§ **Directions for this task**
Copy without pictures. Please restate each line of the listing exactly.

§ **Supplied data**

BEGIN

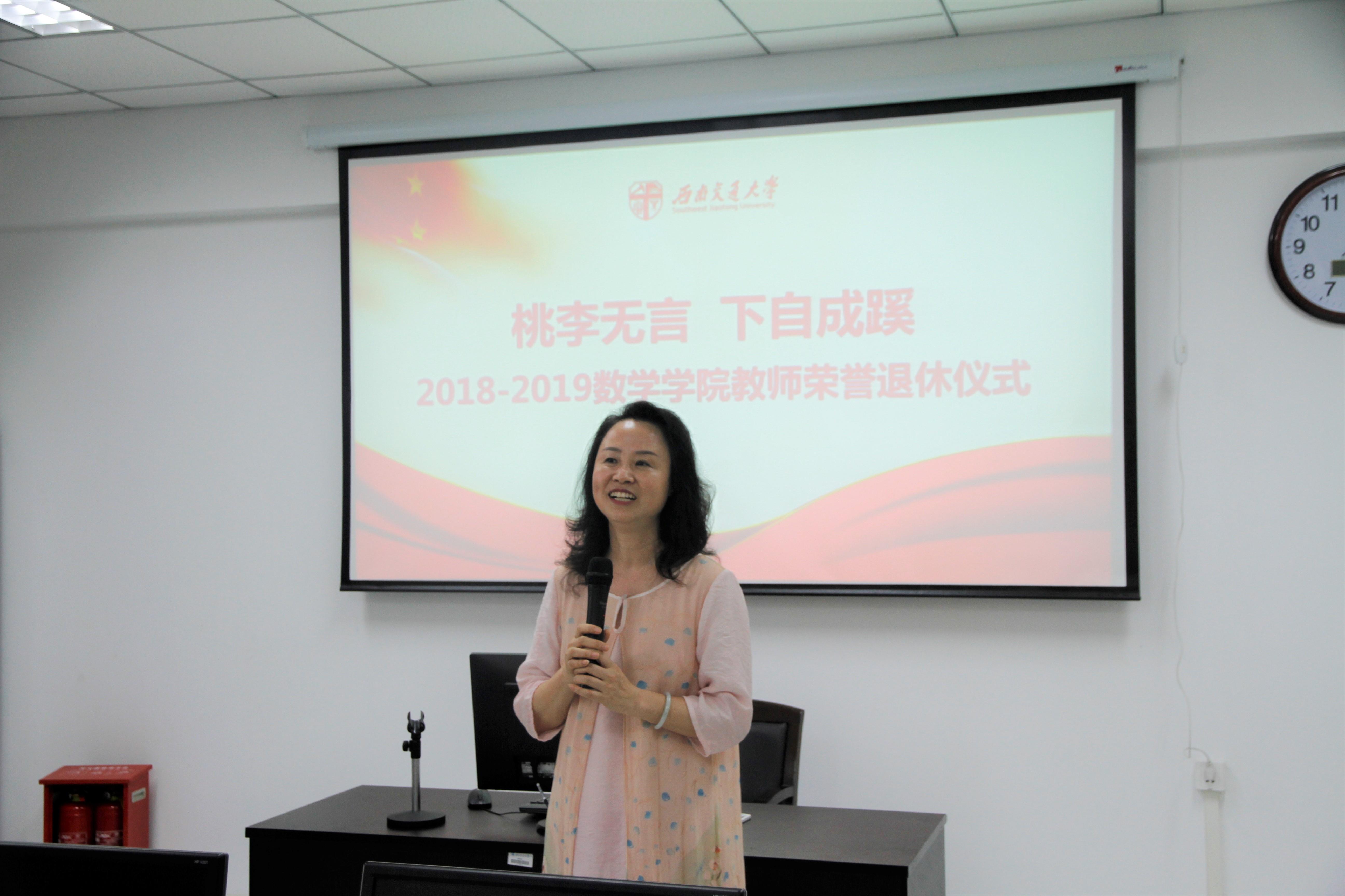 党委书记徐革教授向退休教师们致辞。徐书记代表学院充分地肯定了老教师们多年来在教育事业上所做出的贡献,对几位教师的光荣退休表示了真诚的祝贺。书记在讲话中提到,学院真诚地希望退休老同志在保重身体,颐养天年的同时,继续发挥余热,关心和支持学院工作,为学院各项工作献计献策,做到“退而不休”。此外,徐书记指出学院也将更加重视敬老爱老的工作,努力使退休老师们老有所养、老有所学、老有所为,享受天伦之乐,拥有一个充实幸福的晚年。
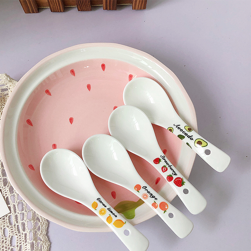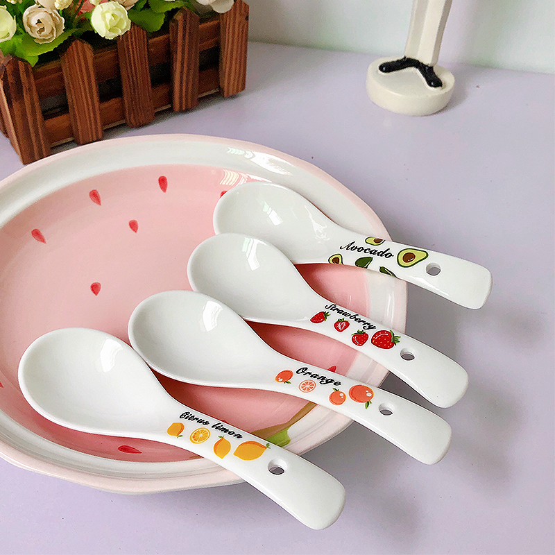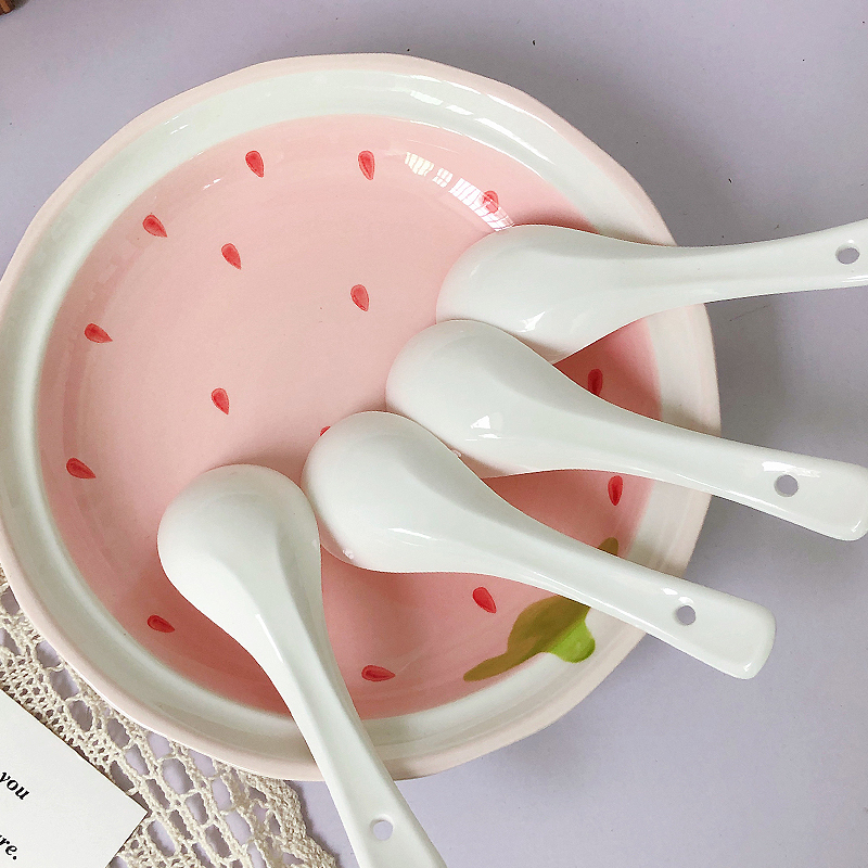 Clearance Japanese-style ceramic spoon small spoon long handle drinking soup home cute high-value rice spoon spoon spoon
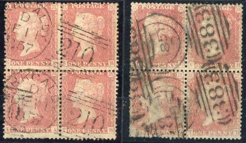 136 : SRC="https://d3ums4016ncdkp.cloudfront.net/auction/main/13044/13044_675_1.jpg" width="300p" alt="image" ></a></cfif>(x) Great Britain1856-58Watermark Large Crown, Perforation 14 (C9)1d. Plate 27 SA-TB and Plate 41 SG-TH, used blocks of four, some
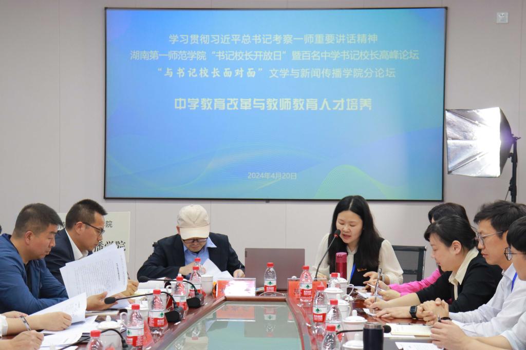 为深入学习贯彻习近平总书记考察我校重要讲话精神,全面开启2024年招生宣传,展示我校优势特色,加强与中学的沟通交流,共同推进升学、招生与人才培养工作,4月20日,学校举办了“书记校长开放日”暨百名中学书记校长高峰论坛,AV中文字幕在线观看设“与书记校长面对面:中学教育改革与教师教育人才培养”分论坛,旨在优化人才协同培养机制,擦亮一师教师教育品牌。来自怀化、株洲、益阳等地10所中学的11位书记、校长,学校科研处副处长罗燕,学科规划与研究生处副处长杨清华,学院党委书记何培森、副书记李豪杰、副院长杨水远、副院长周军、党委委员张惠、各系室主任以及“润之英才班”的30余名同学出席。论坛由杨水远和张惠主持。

END

§ **Expected answer**
 党委书记徐革教授向退休教师们致辞。徐书记代表学院充分地肯定了老教师们多年来在教育事业上所做出的贡献,对几位教师的光荣退休表示了真诚的祝贺。书记在讲话中提到,学院真诚地希望退休老同志在保重身体,颐养天年的同时,继续发挥余热,关心和支持学院工作,为学院各项工作献计献策,做到“退而不休”。此外,徐书记指出学院也将更加重视敬老爱老的工作,努力使退休老师们老有所养、老有所学、老有所为,享受天伦之乐,拥有一个充实幸福的晚年。
 Clearance Japanese-style ceramic spoon small spoon long handle drinking soup home cute high-value rice spoon spoon spoon
 136 : SRC="https://d3ums4016ncdkp.cloudfront.net/auction/main/13044/13044_675_1.jpg" width="300p" alt="image" ></a></cfif>(x) Great Britain1856-58Watermark Large Crown, Perforation 14 (C9)1d. Plate 27 SA-TB and Plate 41 SG-TH, used blocks of four, some
 为深入学习贯彻习近平总书记考察我校重要讲话精神,全面开启2024年招生宣传,展示我校优势特色,加强与中学的沟通交流,共同推进升学、招生与人才培养工作,4月20日,学校举办了“书记校长开放日”暨百名中学书记校长高峰论坛,AV中文字幕在线观看设“与书记校长面对面:中学教育改革与教师教育人才培养”分论坛,旨在优化人才协同培养机制,擦亮一师教师教育品牌。来自怀化、株洲、益阳等地10所中学的11位书记、校长,学校科研处副处长罗燕,学科规划与研究生处副处长杨清华,学院党委书记何培森、副书记李豪杰、副院长杨水远、副院长周军、党委委员张惠、各系室主任以及“润之英才班”的30余名同学出席。论坛由杨水远和张惠主持。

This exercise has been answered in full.